が、確か、シーチューヤはソウエンに比べて、近年は「近代化」の波がある。婚姻不可能な実の弟が、姉に会いに行くくらいは、出来るのかも知れない。後宮の外側に面会スペースでもあったか。豪族の護衛で宮廷に通っていたファイスが、太子と顔を合わせていたくらいだ。イメージより、自由は効くんだろう。


むしろ、イメージより自由すぎて、この結果か。だが、先程のカッシーの推察を考慮すると、四位の側室の弟が、七位の側室の太子にすりかわっても、大して権力が増すとは思わない。野望の成果と、リスクが釣り合わないので、疑問は残る。


「太子。」


ユーノが、一歩進み出た。


「お言葉が真実であっても、『義兄弟』に当たる方との『悪事』がわかれば、皇帝陛下は厳罰になさるでしょう。

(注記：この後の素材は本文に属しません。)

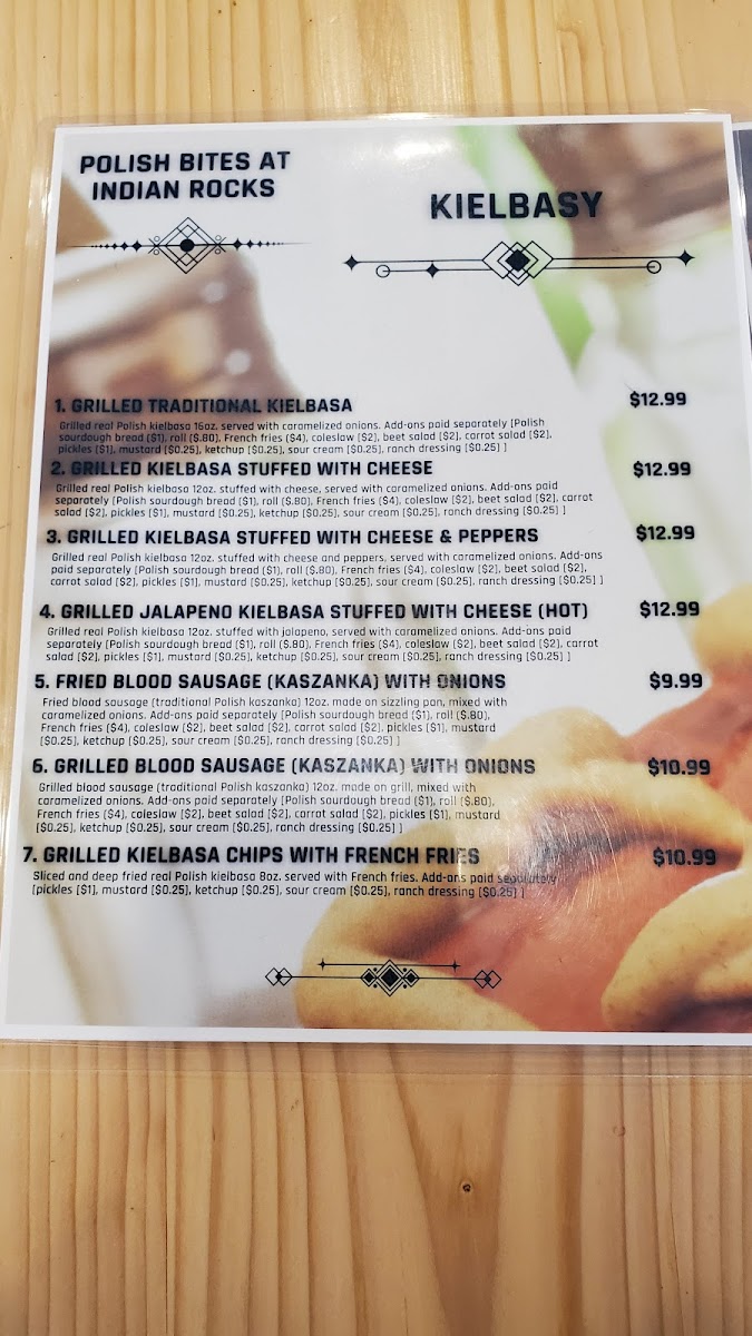 Grilled Polish Kielbasa 12oz. served with caramelized onions, mustard, ketchup, Polish sourdough bread, rolls or French fries.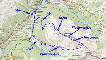 | Persönliche Bewertung | *** ca. 15 km; angenehmes Wanderwetter, über Mittag bewölkt; Abstieg weglos durch Latschenfelder, nicht empfehlenswert; niemanden getroffen, nur Arbeiter auf Pfattner Albl. |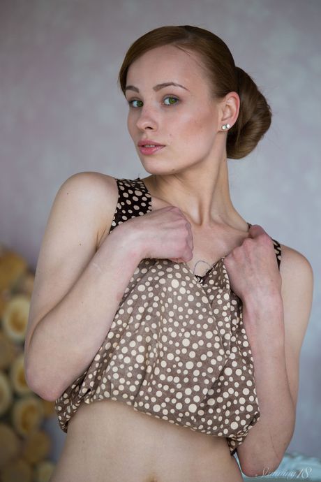 Stunning 18: Slender teen Mia shows her small tits and poses naked in a solo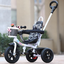 迪士尼新品宝宝三轮脚踏车户外溜溜车儿童玩具遮阳带伞车带娃娃踏板车手推车 深棕色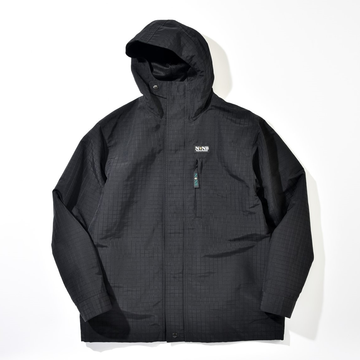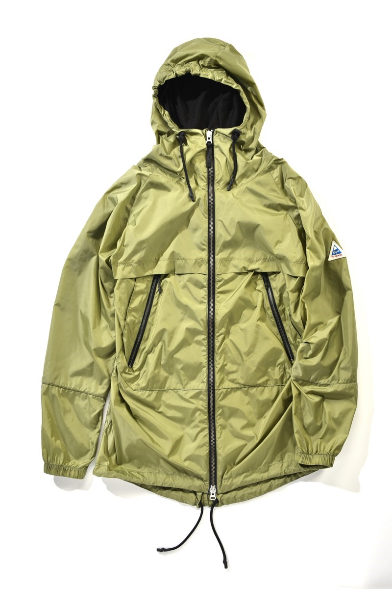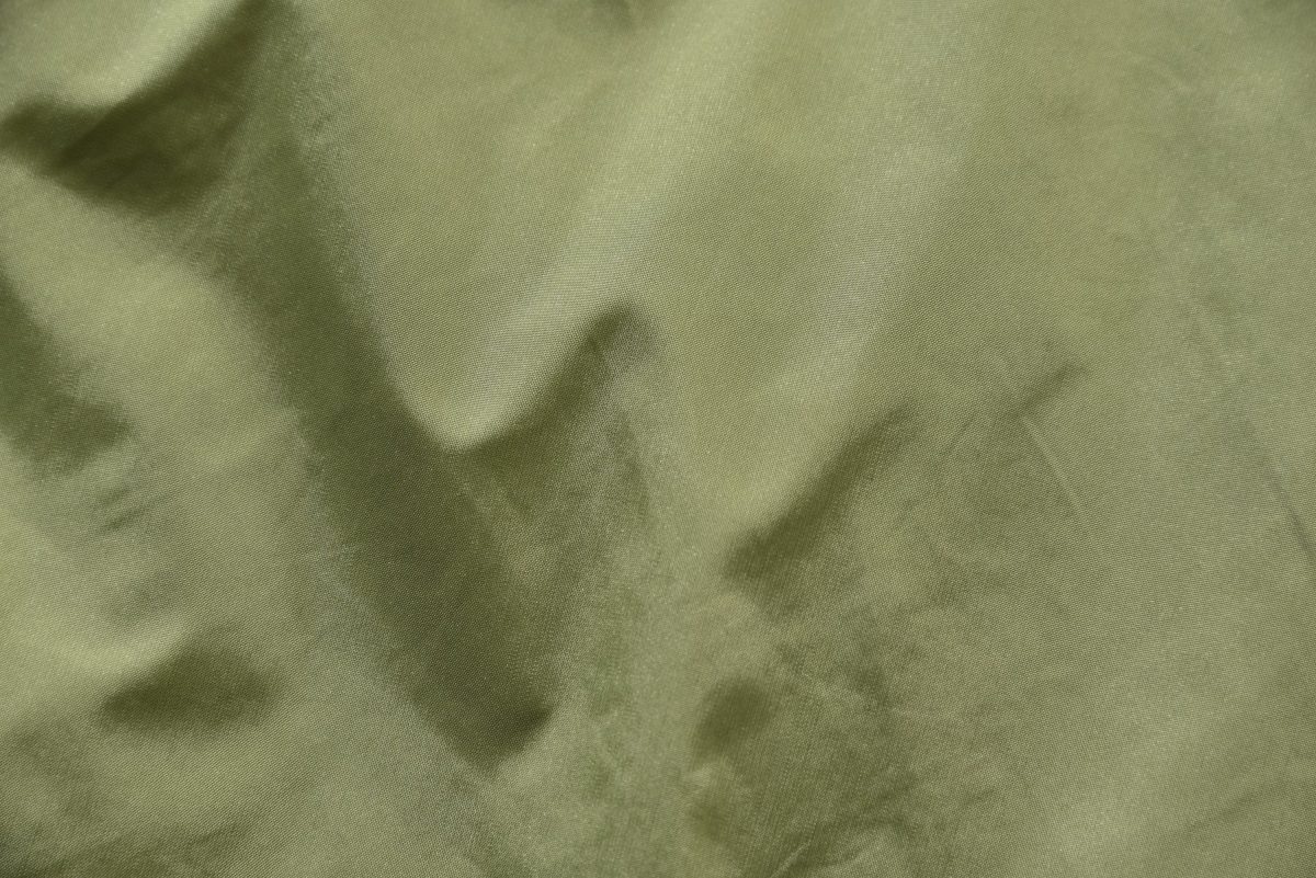 ʼ80~90年代に使用していたビッグリップストップを採用。通常のリップストップに比べ、ひとつひとつの格子が大きく、絶妙なニュアンスを生む。もちろん高い撥水性と強度を備える。さらに、ボタンを閉めてフードをかぶれば、深く顔を覆うことができ、防寒性に優れている。アウトドアをルーツに持つブランドならでは。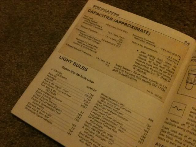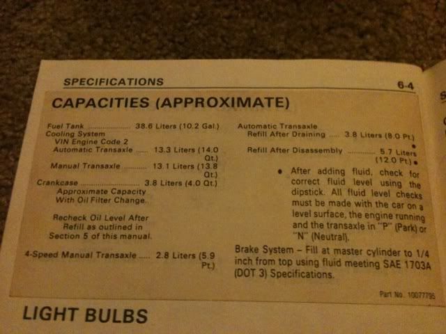 If you're lucky enough to have your original '84 owners manual, it was "updated" at the time of recall by whatever dealer you took the car in for to have the recalls done. The original owner of my '84 when I had it was nice enough to leave the owners' manual in the car. It's a rather interesting piece to have one of the "updated" '84 manuals. Essentially, the dealer would stick on new capacities over the old ones. You can hold my owner's manual up to a light and clearly read the inaccurate oil capacity as being 2.8 Liters (3.0 qt.). The new stickers placed in the manuals corrected the issues they had. I don't plan on getting rid of this manual set anytime soon as I think they're interesting pieces of Fiero history The "recall stickers" for the manuals strangely enough had part numbers 10077794 & 10077795.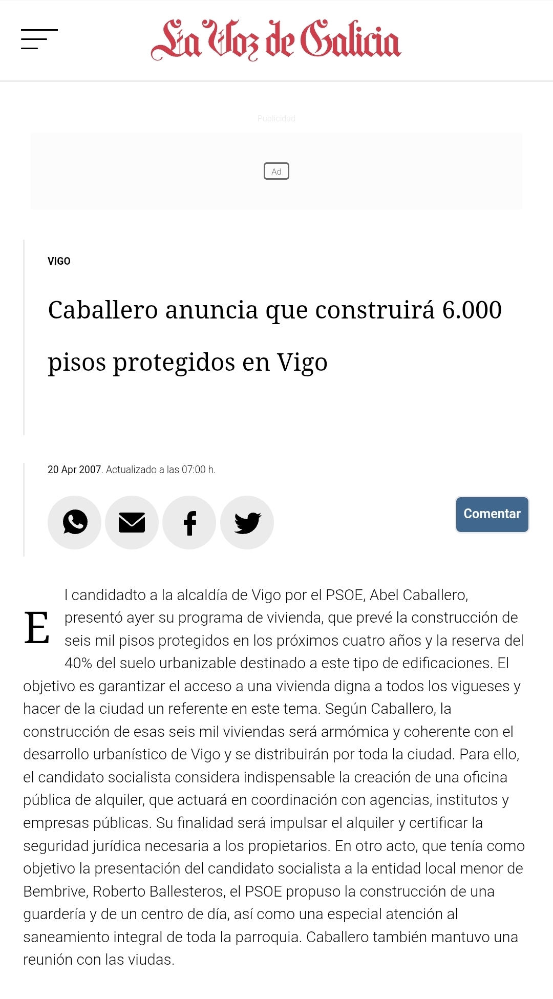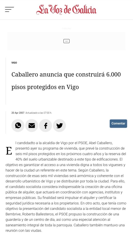 Sin embargo, el discurso vuelve a chocar con un dato clave del pasado reciente: el propio Abel Caballero incluyó en su programa electoral de 2007 el compromiso de construir 6.000 viviendas de protección oficial tras acceder a la Alcaldía. Dieciocho años después, esa promesa sigue lejos de cumplirse y la política municipal de vivienda ha avanzado a un ritmo muy inferior al anunciado entonces, con largos periodos sin promociones públicas significativas impulsadas directamente desde el Concello.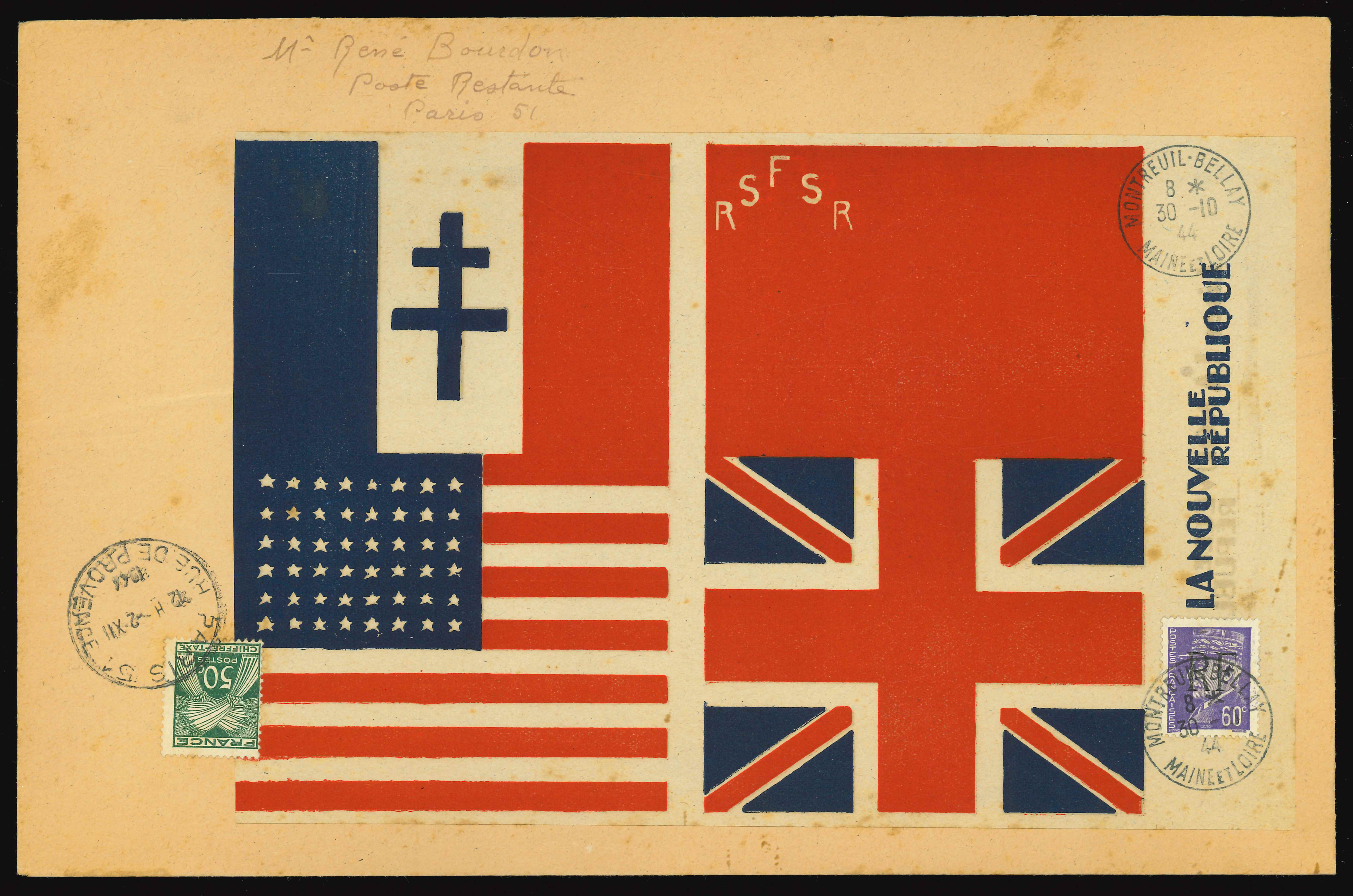 MONTREUIL-BELLAY (Maine-et-Loire) : PIÈCE UNIQUE mentionnée dans le catalogue Mayer : grande enveloppe affranchie du 60c violet avec cachets drapeaux anglais, américains et français + croix de Lorraine oblitérés càd Montreuil-Bellay du 30

さらに、そのお姿では、太子を殺してすり代わった従者、と思われても仕方ありません。母君のご寵愛がいくら厚かったとはいえ、お亡くなりな上、今の貴方には、その面影すらない。あったとしても、前回の事件の時も、皇帝陛下は、貴方にお会いにならなかったでしょう?レイホーン様が、直接対面しないように根回しした、とも考えられますが、それは皇族に対する呪術が、ばれないように、です。貴方のためでは、ありません。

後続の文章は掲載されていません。